Pakistan's petroleum product prices remain elevated compared to pre-US-Iran conflict levels, with petrol and high-speed diesel (HSD) in the international market costing $15 to $20 per barrel more than before the war, according to Federal Minister for Petroleum Ali Pervaiz Malik.
Government Unable to Reduce Pump Prices Despite Lower Levies
Speaking to media after a parliamentary panel meeting, Malik explained that although crude oil prices have returned to pre-war levels, the prices of petrol and HSD are still significantly higher.

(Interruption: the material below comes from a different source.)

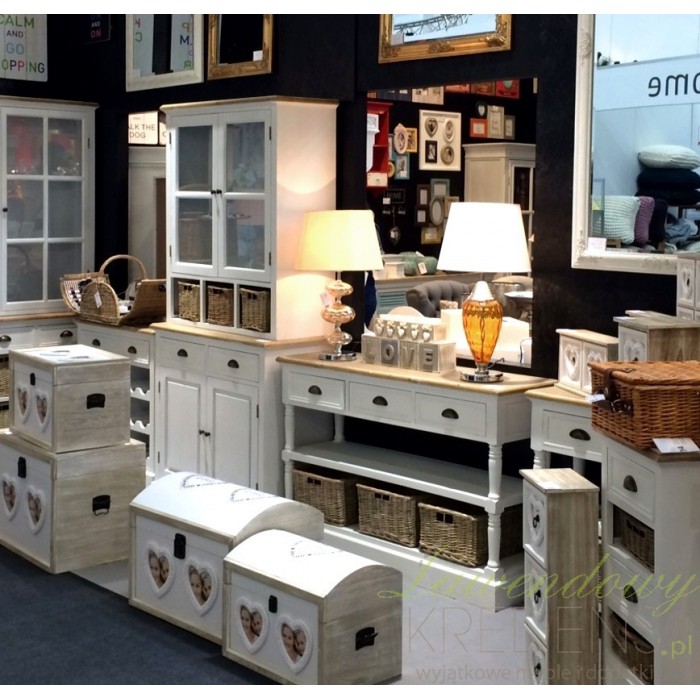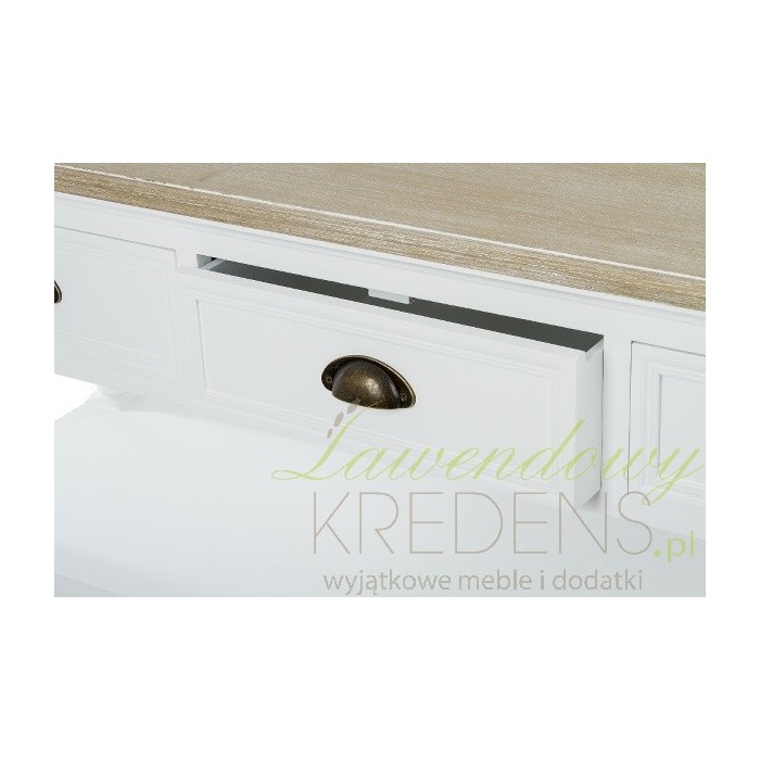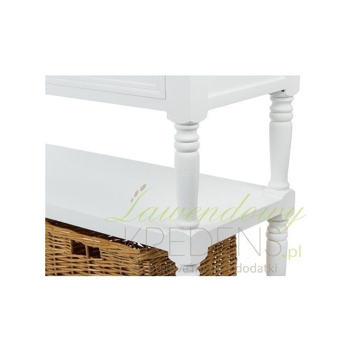 Nieopisanej urody prowansalska konsola w półką, która pomimo ustawienia na dość wysokim cokole półki poprzedzielane ma kształtnymi filarkami. Prezentowana konsola wyróżnia się nie tylko drewnianym blatem na tle białej powierzchni, ale także wspaniałymi koszyczkami, które można swobodnie wyciągać! Genialne meble prowansalskie to nasza specjalność!

Since Pakistan imports about 70 percent of its petrol and 33 percent of its diesel requirements, the government has not been able to bring pump prices back to previous levels despite reducing the burden of levies, including the petroleum levy.
The minister noted that petroleum levy and carbon levy rates were actually higher on February 27 compared with current levels, indicating that the government has already reduced these taxes.
Standing Committee Raises Concerns Over Training Fund
Earlier, the Standing Committee on the Petroleum Division, chaired by Syed Mustafa Mehmood, MNA, questioned the utilization of the Petroleum Training Fund (PTF), particularly amounts deposited by exploration and production (E&P) companies for the provincial share. The committee sought details on how provincial energy departments have used the funds and expenditures for local inhabitants.
Global Refined Product Prices Remain High
Ali Pervaiz Malik briefed the committee on petroleum prices, LPG, and RLNG rates. He said global crude oil prices had returned to pre-war levels, but Pakistan's dependence on imported refined products kept domestic fuel prices elevated. During the crisis, petrol prices in the international market surged to $180-$190 per barrel, and diesel supplies became severely constrained. Premium, insurance, and shipping costs also increased multiple times.
Gradual Deregulation Underway
Malik said the government is gradually moving toward deregulation of petroleum product prices and wants to reduce its direct role. A committee constituted by Prime Minister Shehbaz Sharif has held three meetings to examine reforms, including the possibility of displaying petroleum prices daily. The supply chain is being monitored, and digitalization of the system is progressing.
Refinery Upgradation Policy Awaits Cabinet Approval
The minister said the refinery upgradation policy has been submitted to the cabinet, with approval expected by July 15 through the Economic Coordination Committee. After approval, the upgradation process will begin, and Pakistan aims to shift to Euro-V standard fuels. He assured lawmakers that consumers would not bear the financial burden of refinery inefficiencies. Removing the petroleum levy would reduce prices but require alternative revenue sources.
Energy Security Measures Underway
Malik said the government is working on strategic fuel reserves and infrastructure development. International studies have been commissioned, with two firms working on the project. Despite limited storage capacity, Pakistan managed the fuel crisis during the recent conflict. All fertilizer and power plants are operating, with only limited restrictions on domestic gas supply during meal hours. Offshore exploration activities are restarting after two decades, and circular debt is not expected to increase by year-end. Talks with the IMF on circular debt are ongoing.
LPG Pricing and Regulation Issues
Lawmakers questioned why official LPG prices are not implemented in the market and criticized OGRA for failing to enforce notified rates. Malik said LPG prices are linked to global propane and butane prices, with only 30-40 percent of demand met domestically. LPG auctions are halted due to a court stay order, and the government has approached the court through the Attorney General's Office. Implementation of LPG regulations is OGRA's responsibility.
Committee Recommendations
The committee recommended a dedicated meeting to examine the mechanism for determining petroleum product prices, including whether legal procedures have been followed and whether OGRA conducted public hearings. A detailed report is to be submitted at the next meeting.
On the training fund, the Petroleum Division and provincial governments briefed the committee. Billions of rupees collected under PTF from 2012-2020 were spent on international litigation by the federal government. Provinces currently hold an unutilized balance of Rs 1,956.49 million. The committee recommended a separate meeting on the fund and directed the Petroleum Division to submit a comprehensive report on status, utilization, outstanding contributions, and applicable rules. Members emphasized transparent and effective use for local communities in exploration areas.